Leave every picture out, and give again exactly the lines from the one containing "Dámské pantofle ve" through the end of the listing.

*** SOURCE MATERIAL

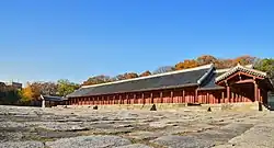 Jongmyo (Korean: 종묘) is a Confucian shrine in the Jongno District of Seoul, South Korea. It was originally built during the Joseon period (1392–1897) for memorial services for deceased kings and queens. According to UNESCO, the shrine is the oldest royal Confucian shrine preserved and the ritual ceremonies continue a tradition established in the 14th century. Such shrines existed during the Three Kingdoms of Korea period (57–668), but these have not survived. The Jongmyo Shrine was added to the UNESCO World Heritage list in 1995.[1]
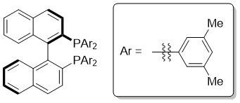※15 (R)-(+)-XylBINAP:下図のような構造をしている配位子。パラジウム触媒が中央の2個のリン(P)原子に配位することで、ポケットのような空間ができ、そこで化学反応が行われる。Ar基(ベンゼン環などから誘導される芳香族炭化水素)がPh基(ベンゼン環のこと)のものは、BINAP(2,2'-ビス(ジフェニルホスフィノ)-1,1'-ビナフチル)と呼ばれ、野依良治博士(平成13年(2001年)ノーベル化学賞受賞)らにより開発されている。
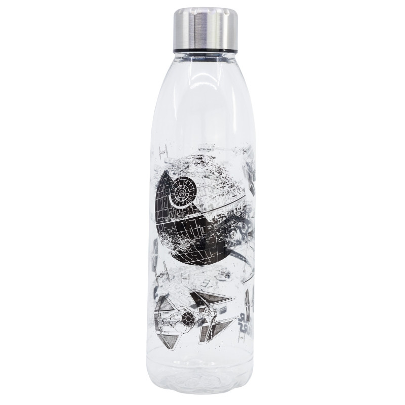 Elegáns, újrafelhasználható műanyag palack, amely a Star Wars film alapján készült elegáns minták díszítenek. Fröccsenésmentes, kiömlésbiztos fém csavaros kupakkal rendelkezik. Ideális, hogy kedvenc italát bárhová magával vigye, vagy hogy mindig kéznél legyen a szokásos munkahelyén vagy a tanulás helyén.
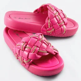 Dámské pantofle ve fuchsijové barvě se páskem a řetízkem model 17352321 - Mix Feel
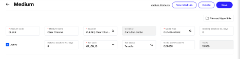 - Currency – This is the default currency for the Medium. The currency can be overridden at the media schedule line item level.

******

* _RESPONSE AREA_:
 Dámské pantofle ve fuchsijové barvě se páskem a řetízkem model 17352321 - Mix Feel
 - Currency – This is the default currency for the Medium. The currency can be overridden at the media schedule line item level.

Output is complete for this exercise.